Does your marriage certificate have surname after marriage? It normally has the name before marriage...



> - Is it okay that I apply with my current passport (same used for IELTS and ACS), and then later for PCC I get a new passport issued? Which surname will be used then?


The CO gives you 28 days to submit the documents. A new passport would take time. You would have to inform the CO about the passport number change because the PCC would show a different passport number than the one you have used for the application.


----------



## aanchalk (May 3, 2012)

I will chck that from the passport office. The marriage certificate has the surname after marriage which is the norm for changing names.

Do you think it will be a problem if I apply with my current passport(maiden name same as ACS and IELTS) and marriage certificate(surname after marriage).

I can apply with the current passport and then soon after apply for new passport under TATKAL. I saw on DIAC for notifying them of changes in passport details and names.

Or I get the new passport with changed surname first and then apply for VISA. If they relate to ACS and IELTS using some reference of old passport number, then this should be fine but I am not sure about this approach.


----------



## aanchalk (May 3, 2012)

I will check that from the passport office. The marriage certificate has the surname after marriage which is the norm for changing names.

Do you think it will be a problem if I apply with my current passport(maiden name same as ACS and IELTS) and marriage certificate(surname after marriage).

I can apply with the current passport and then soon after apply for new passport under TATKAL. I saw a form on DIAC website for notifying them of changes in passport details and names.

Or I get the new passport with changed surname first and then apply for VISA. If they relate to ACS and IELTS using some reference of old passport number, then this should be fine but I am not sure about this approach.


----------



## atsurti (May 20, 2011)

aanchalk said:


> I will check that from the passport office. The marriage certificate has the surname after marriage which is the norm for changing names.
> 
> Do you think it will be a problem if I apply with my current passport(maiden name same as ACS and IELTS) and marriage certificate(surname after marriage).
> 
> ...


Which visa are you going for? 175 or 176?

DIAC has definitely dealt with these kind of issues. 
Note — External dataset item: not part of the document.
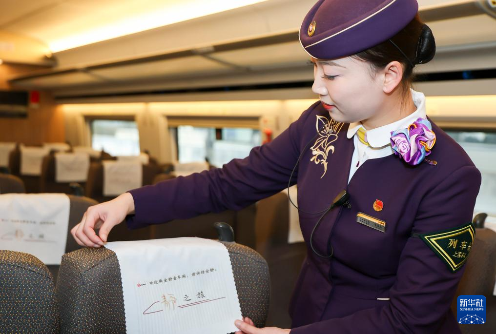 2月1日,铁路上海客运段列车长在G12次列车上整理静音车厢标语。
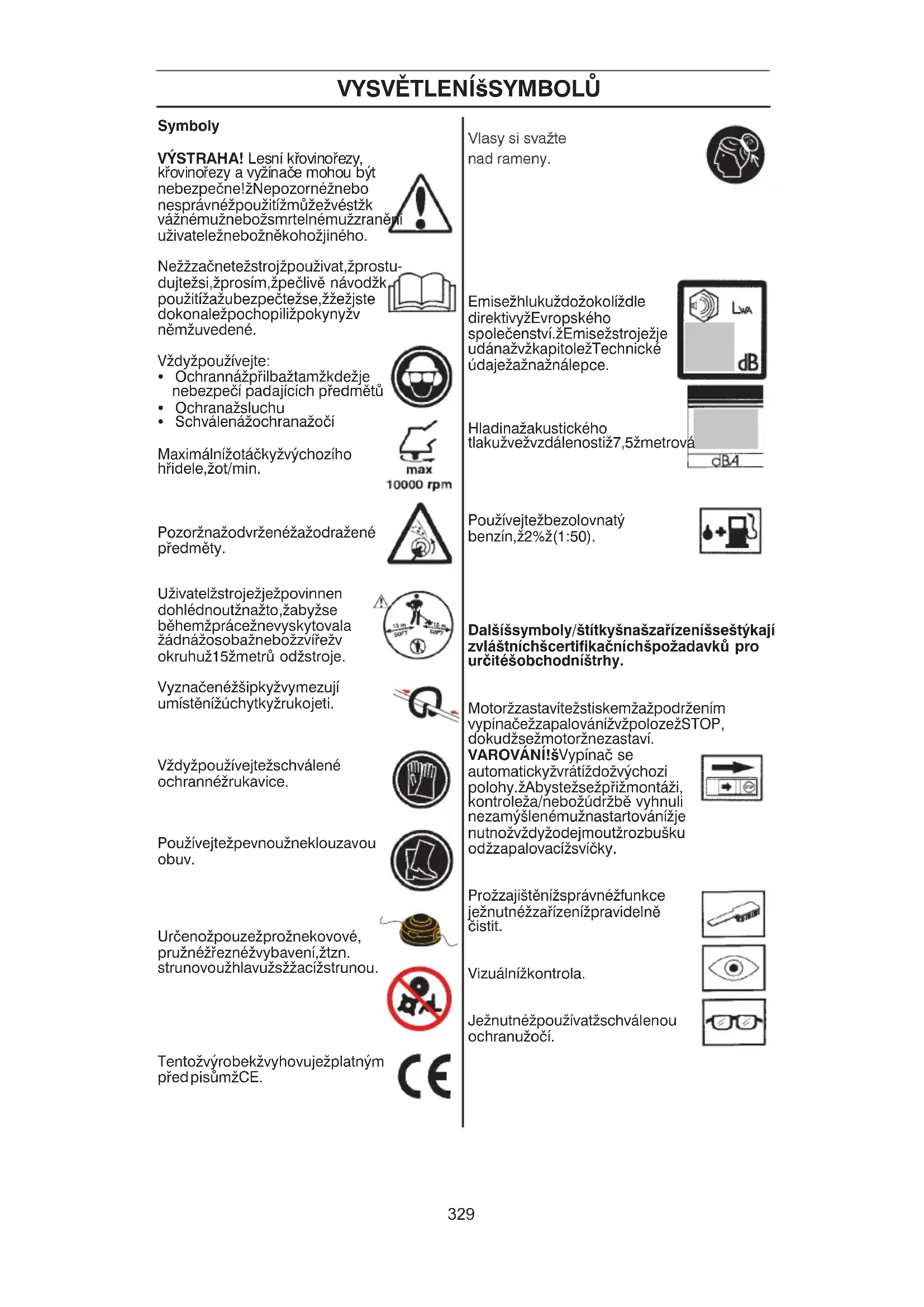 331OBECNÁ BEZPEżNOSTNÍ OPATƘENÍ UPOZORNöNÍ! Lesní kƗovinoƗez, kƗovinoƗez a vyžínaŻ použitý nesprávn÷ nebo nepozorn÷ se mÞže stát nebezpeŻným nástrojem, který mÞže zpÞsobit vážné nebo i smrtelné zran÷ni uživatele nebo n÷koho jiného. Je nesmírn÷ dÞležité pƗeŻíst si a porozum÷t obsahu tohoto návodu k používání. PƗi každém použití stroje je nutné používat schválené osobní ochranné pomÞcky. Osobní ochranné pomÞcky nemohou vylouŻit nebezpeŻí úrazu, ale sníží míru poran÷ní v pƗípad÷, že dojde k nehod÷. Požádejte svého prodejce o pomoc pƗi výb÷ru správného vybavení. OCHRANA SLUCHU Použijte ochranu sluchu s dostateŻným tlumicím úŻinkem. OCHRANA OżÍ Použijte vždy schválenou ochranu oŻí. Použijete---li vizír je nutno použít i schvále- né ochranné brýle. Schválené ochranné brýle jsou takové, které odpovídají standardu EN 166 pro státy EU. RUKAVICE V pƗípad÷ potƗeby použijte rukavice, napƗ. pƗi montáži Ɨezného vybavení. PRACOVNÍ OBUV Používejte pevnou neklouzavou obuv. Osobní ochranné pomÞcky VÝSTRAHA! Je nutné dát vždy pozor na výstražné signály nebo volání, používáte---li ochranu sluchu. Sejm÷te vždy ochranu sluchu ihned po zastavení motoru. Upozorn÷ní UPOZORNöNÍ! Stroj je urŻen výhradn÷ k vyžínání trávy. Jediným pƗislušenstvím, které se smí používat spolu s motorem jako zdroj pohonu, je Ɨezné vybavení, doporuŻené v kapitole Technické údaje. Nikdy nepoužívejte stroj, jste---li unaveni, jestliže jste požili alkohol nebo jestliže užíváte léky, které by mohly ovlivnit váš zrak, úsudek nebo pohybovou koordinaci. Používejte osobní ochranné pomÞcky. Viz pokyny v Żásti Osobní ochranné pomÞcky. Nikdy nepoužívejte stroj, jehož konstrukce byla jakkoli pozm÷n÷na oproti jeho pÞvodním specifikacím. Nikdy nepoužívejte stroj, který není zcela v poƗádku. Pravideln÷ provád÷jte kontroly a údržbu podle servisních pokynÞ popsaných v této pƗíruŻce. N÷které úkony údržby a opravy mohou provád÷t pouze vyškolení a kvalifikovaní odborníci. Viz pokyny v Żásti Údržba. Veškeré poklopy a kryty vybavení musí být namontovány pƗed spušt÷ním. Dbejte, aby kabel zapalování a jeho koncovka nebyly poškozeny. Jinak je nebezpeŻí rány elektrickým proudem. Uživatel stroje je povinnen dohlédnout na to, aby se b÷hem práce nevyskytovala v okruhu 15 m žádná osoba nebo zvíƗe. Pokud na stejném pracovišti pracuje více uživatelÞ, musí být udržována bezpeŻnostní vzdálenost nejmén÷ dvakrát výška stromu, ale ne mén÷ než 15 m. VÝSTRAHA! Nenechte nikdy d÷ti používat stroj nebo se zdržovat v jeho blízkosti. Jelikož je stroj vybaven vypínaŻem se zp÷tným pérováním a k jeho nastartování je tƗeba nízká rychlost a malý tlak na startovací rukov÷ŭ mohou i d÷ti za urŻitých okolností mít tu sílu, které je tƗeba k nastartování stroje. Tím mÞže dojít k nebezpeŻí váIného úrazu. Proto vždy sejm÷te rozbušku není---li stroj pod dohledem. VÝSTRAHA! Tento stroj vytváƗí b÷hem provozu elektromagnetické pole. Toto pole mÞže za urŻitých okolností narušovat funkci aktivních ci pasivních implantovaných lékaƗských pƗístrojÞ. Pro snížení rizika vážného Żi smrtelného poran÷ní doporuŻujeme osobám s implantovanými lékaƗskými pƗístroji poradit se pƗed použitím stroje s lékaƗem a s výrobcem implantova- ného lékaƗského pƗístroje. 332OBECNÁ BEZPEżNOSTNÍ OPATƘENÍ PRACOVNÍ ODöV Použivejte od÷v z pevné látky a vyhn÷te se pƗiliš volným Żástem od÷vu, které mohou být zachyceny kƗovinami nebo v÷tvemi. Používejte vždy dlouhé silné kalhoty. Nepoužívejte šperky, krátké kalhoty nebo sandály a nepracujte bosi. Upravte si úŻes tak, aby vám vlasy nevisely pod ramena. LÉKÁRNIżKA PRVNÍ POMOCI Vždy m÷jte po ruce soupravu pro poskytování první pomoci. BezpeŻnostní vybavení stroje Tato Żást popisuje bezpeŻnostní vybavení stroje, jeho úŻel a zpÞsob, kterým by se m÷la provád÷t kontrola a údržba, aby byla zajišt÷na jeho správná funkce. Pokud chcete zjistit, kde je toto vybavení na stroji umíst÷no, prostudujte si Żást Co je co? Životnost stroje se mÞže zkracovat a riziko úrazÞ zvyšovat, jestliže se údržba stroje neprovádí správn÷ anebo se opravy neprovád÷jí odborn÷. Pokud potƗebujete dalši informace, obraŭte se na nejbližší servisní dílnu. UPOZORNöNÍ! Servis a opravy stroje vyžadují speciální odborné školení. To platí zejména pro bezpeŻnostní vybavení stroje. V pƗípad÷, že by stroj nevyhov÷l pƗi n÷které z níže uvedených kontrol, je nutno vyhledat servisní opravnu. Každému zákazníkovi, který zakoupí kterýkoli z našich výrobkÞ, zaruŻujeme dostupnost profesionálních oprav a servisních prací. Pokud prodejce, který vám stroj prodal, neposkytuje servisní práce, požádejte jej o adresu naší nejbližší servisní opravny. VÝSTRAHA! Nikdy nepoužívejte stroj, jehož bezpeŻnostní vybavení je poškozené! Kontrolu a údržbu bezpeŻnostního vybavení stroje je nutno provád÷t podle postupÞ uvedených v této Żásti textu. V pƗípad÷, že by stroj nevyhov÷l pƗi jakékoli z t÷chto kontrol, je nutno vy. Pojistka páŻky plynu Pojistka paŻky plynu má za úŻel zabránit neúmyslnému pƗidání plynu. Po stisknutí pojistky (A) (napƗ. když uchopíte rukojeŭ) se uvolní páŻka plynu (B). Když rukojeŭ pustíte, páŻka plynu i pojistka páŻky plynu se vrátí do pÞvodní polohy. Tento pohyb je zajišŭován dv÷ma nezávislými vratnými pružinami. Toto uspoƗádání zabezpeŻí, že se páŻka plynu automaticky zajistí v poloze, pƗi které b÷ží motor ve volnob÷žných otáŻkách. Zkontrolujte, zda pƗi uvoln÷ní pojistky páŻky plynu zapadne páŻka plynu do poloh

Can you check with the passport office on the number of days it takes to get the spouse's name included. They should issue it soon as the police verification was already done earlier.

What you should do is apply using the current passport. This way IELTS and ACS are valid for sure. Then get a new passport with names included and inform the CO about this change.


----------



## aanchalk (May 3, 2012)

atsurti said:


> Which visa are you going for? 175 or 176?
> 
> DIAC has definitely dealt with these kind of issues.
> 
> ...


Hmmm...I am applying for 175. I also feel that is the best option. Only worried if the marriage certificate will be fine as it has my surname after marriage. This should be normal as many people do not update the passport soon after marriage.


----------



## atsurti (May 20, 2011)

aanchalk said:


> Hmmm...I am applying for 175. I also feel that is the best option. Only worried if the marriage certificate will be fine as it has my surname after marriage. This should be normal as many people do not update the passport soon after marriage.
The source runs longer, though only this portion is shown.